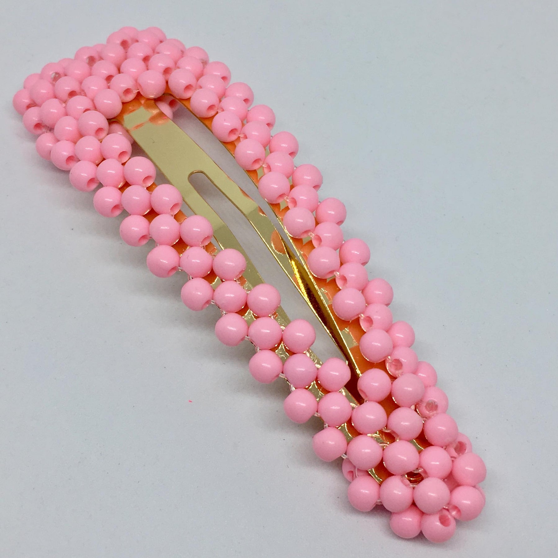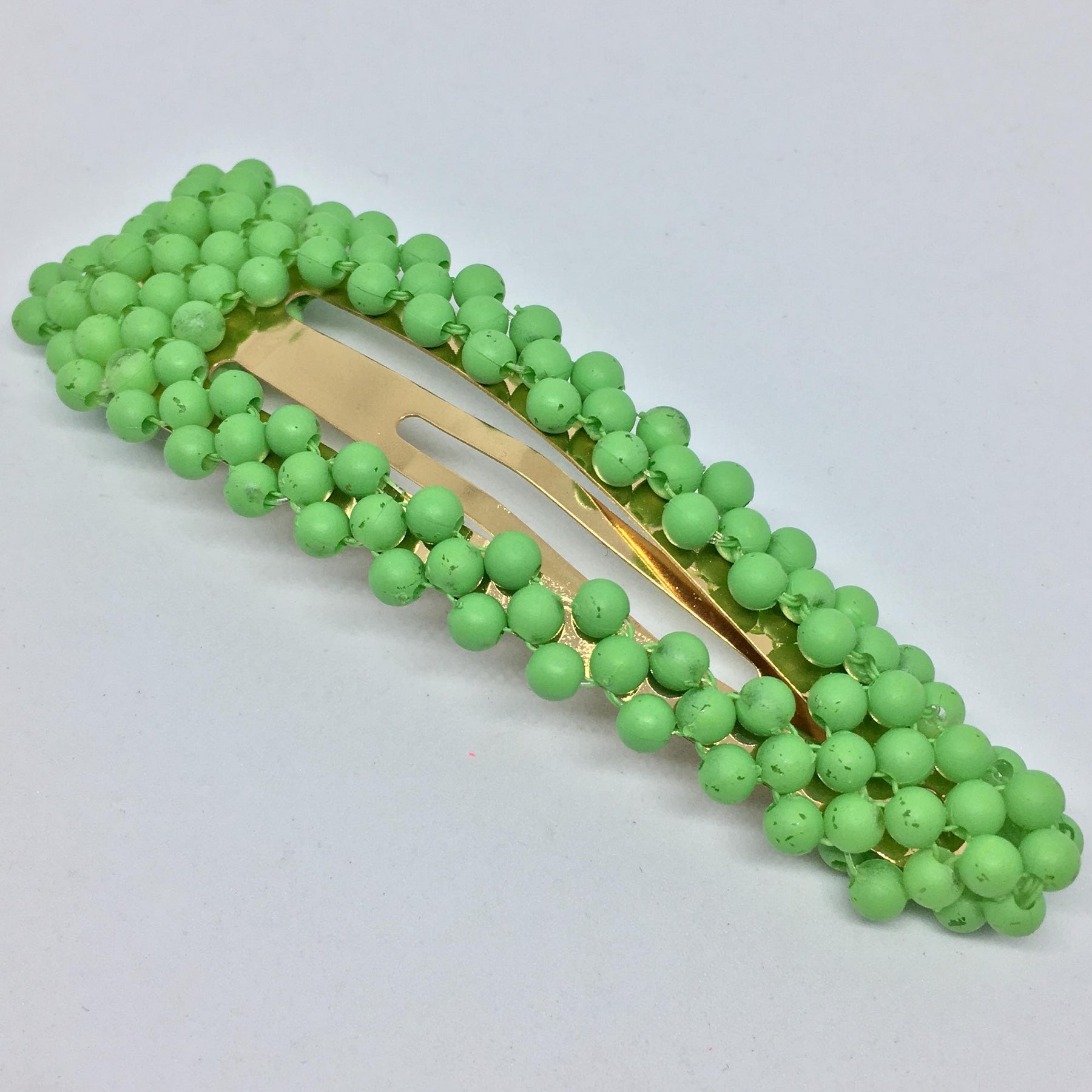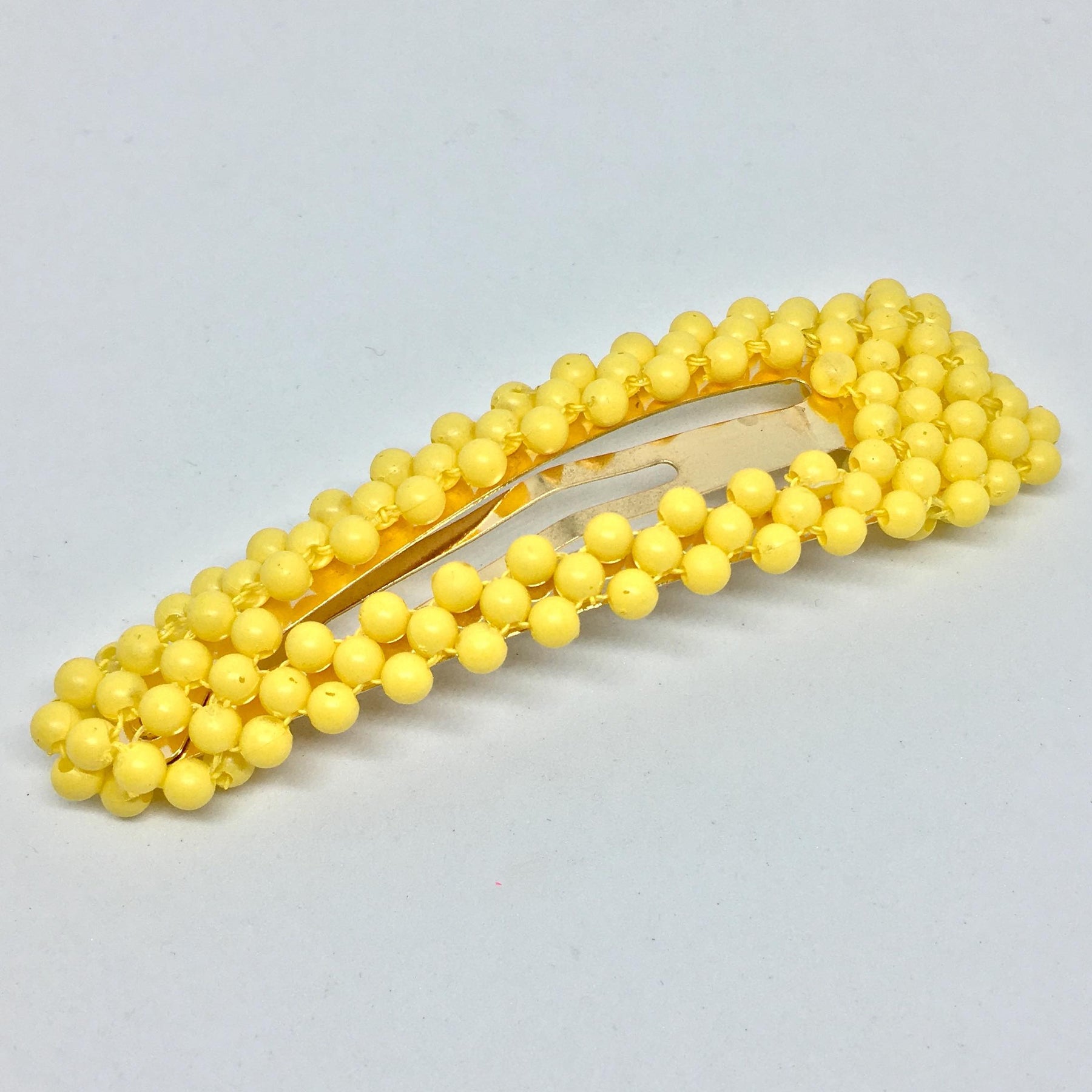 Klicka på hårspännen täckt med små runda plastpärlor i sommarfärger. Välj mellan flera färger.
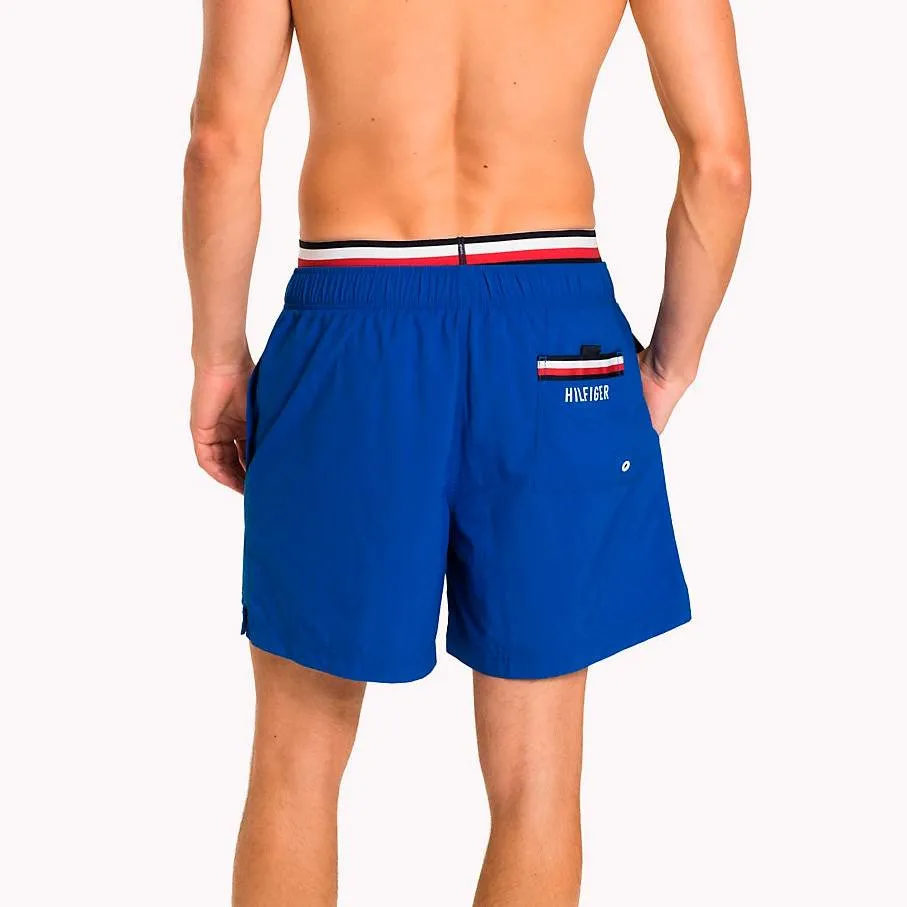 Ярко-синие плавки-шорты Томми Хилфигер с фирменным поясом-резинкой на шнуровке. Боковые карманы и карман сзади с яркой фирменной отделкой - окантовка-флаг и логотип.
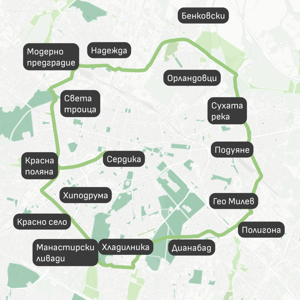 Зеленият ринг е един от ключовите стратегически проекти за развитието на София. С дължина около 30 километра, бъдещият линеен парк ще свърже над 30 жилищни квартала и ще осигури пряк достъп до зелената система на града за повече от 250 000 жители. Целта е в края на 2026 г. да стартира изграждането на първата отсечка – от гара "Пионер" до бул. "Шипченски проход", съобщиха от Столичната община.
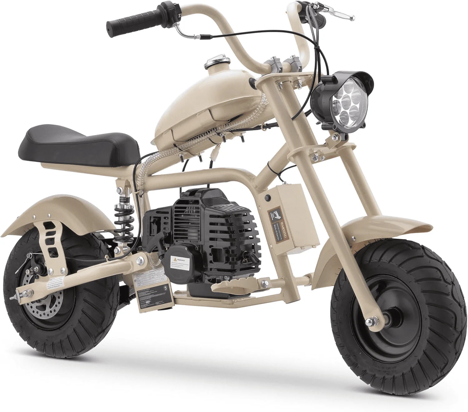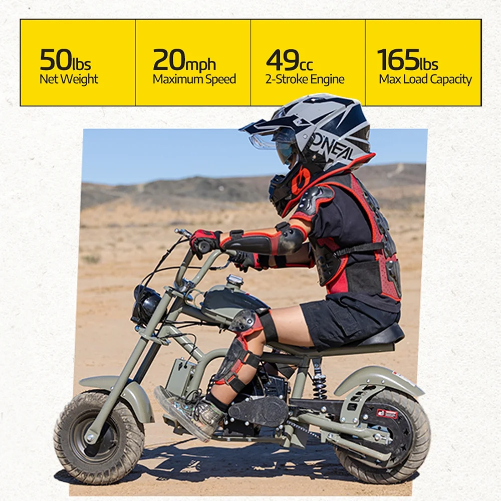 QEASET Gas Mini Chopper Bike, 49.4 CC 2-Stroke Dirt Bike with Big Headlight, Rear Shock Absorber, Metal Frame, Disc Brakes, Max Load 165Lbs, Up to 20Mph, Gary
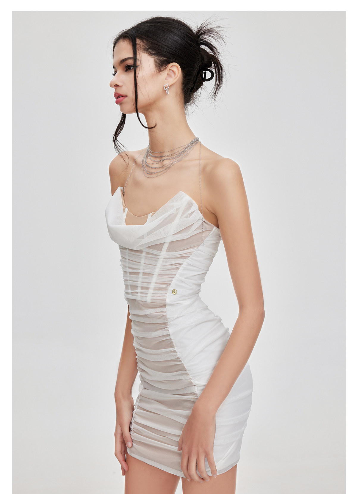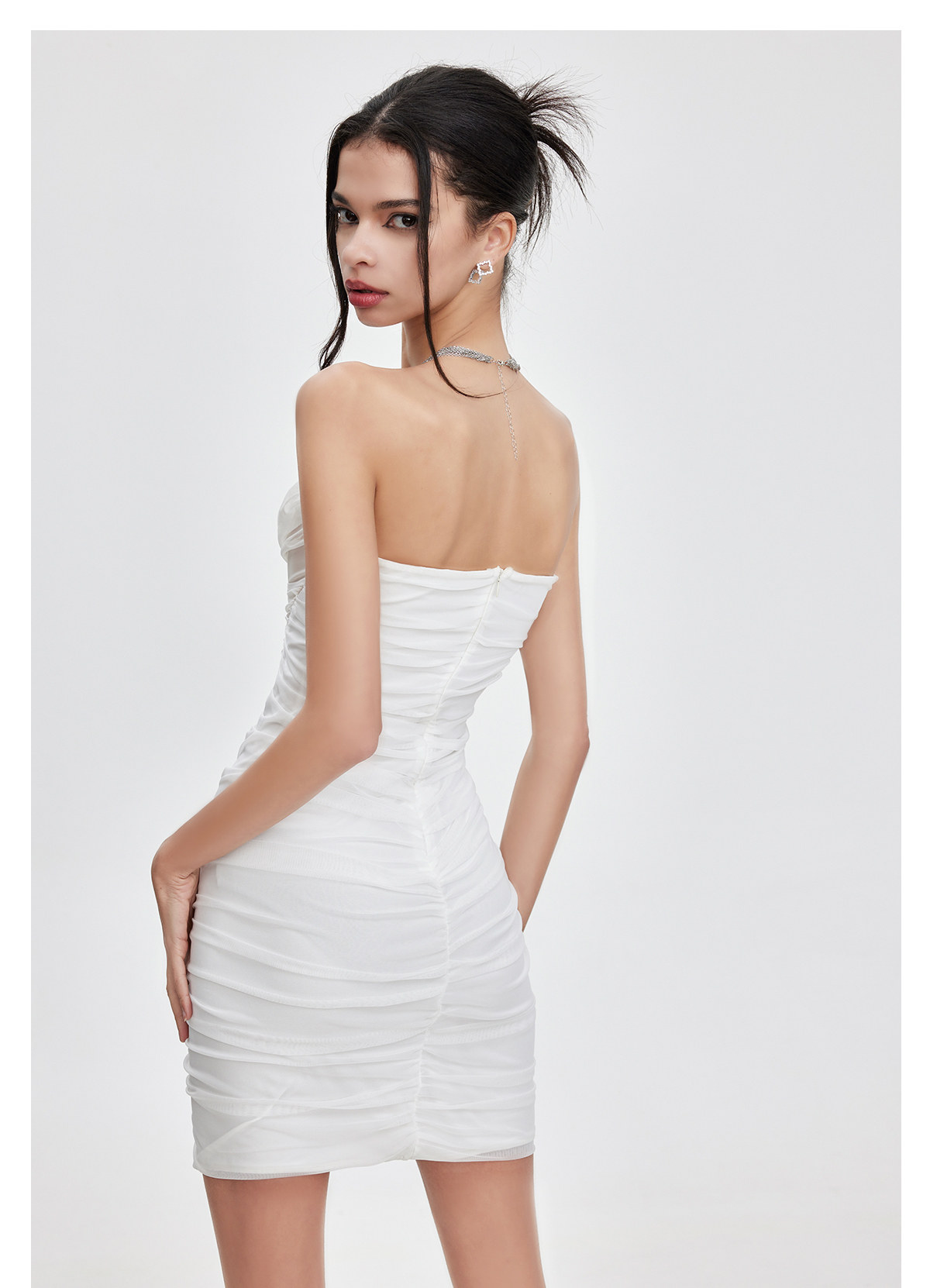 Li Xirui s RESSALINA KALI mesh pleated strapless skirt with French style dress temperament
******
Task description: Print only the lines from the opening line of the listing to the line containing "Зеленият ринг е", inclusive, exactly as they appear and without pictures.

Written solution:
 Klicka på hårspännen täckt med små runda plastpärlor i sommarfärger. Välj mellan flera färger.
 Ярко-синие плавки-шорты Томми Хилфигер с фирменным поясом-резинкой на шнуровке. Боковые карманы и карман сзади с яркой фирменной отделкой - окантовка-флаг и логотип.
 Зеленият ринг е един от ключовите стратегически проекти за развитието на София. С дължина около 30 километра, бъдещият линеен парк ще свърже над 30 жилищни квартала и ще осигури пряк достъп до зелената система на града за повече от 250 000 жители. Целта е в края на 2026 г. да стартира изграждането на първата отсечка – от гара "Пионер" до бул. "Шипченски проход", съобщиха от Столичната община.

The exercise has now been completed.